One of the great American traditions was that young couples used to save for the downpayment on their first house.

Owning a house was a foremost feature of the American Dream.

But what if the young couple is already head over heels in debt? .

The Federal Reserve today released a report that attributes the decline in home ownership in th U.S. to student loan debt. The Wall Street Journal reports on the Fed's findings:

The share of households headed by someone between ages 24 and 32 years old who owned a home declined 9 percentage points in the decade through 2014, falling to 36% from 45%, the Fed said. There were many factors, but roughly 2 percentage points—or 20%—of the decline was directly due to households owing student debt, the Fed found.

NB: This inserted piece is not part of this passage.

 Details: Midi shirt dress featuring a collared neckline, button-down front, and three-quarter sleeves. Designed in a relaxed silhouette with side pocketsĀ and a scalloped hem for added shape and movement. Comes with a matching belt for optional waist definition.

The Fed estimates student debt prevented 400,000 households in that age group from buying a home during that period.

The report also found that people with student debt are more likely to leave rural areas than those without student loan debt. It is uncertain how, or if, these two things are linked.

Going to college was supposed to give people a leg up in life. It was an advantage.

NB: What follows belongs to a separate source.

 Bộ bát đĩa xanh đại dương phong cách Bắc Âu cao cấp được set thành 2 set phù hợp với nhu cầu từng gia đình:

Now, however, it looks like acquiring the cachet of college might actually hamstring many young people starting out in life.

The solution is not to find better ways to borrow but rather to bring the cost of college down.

As  Glenn Harlan Reynolds observed in USA Today, one of the biggest factors contributing to the cost of college is administrative bloat.

Colleges aren't hiring more professors; they're hiring more administrators (including some, such as "diversity" administrators, who cost a lot but aren't improving the overall intellectual rigor of the university). .

The upshot is that going to college, ironically, ends up holding a lot of people back.

We've gone from the American Dream to the nightmare of serious debt.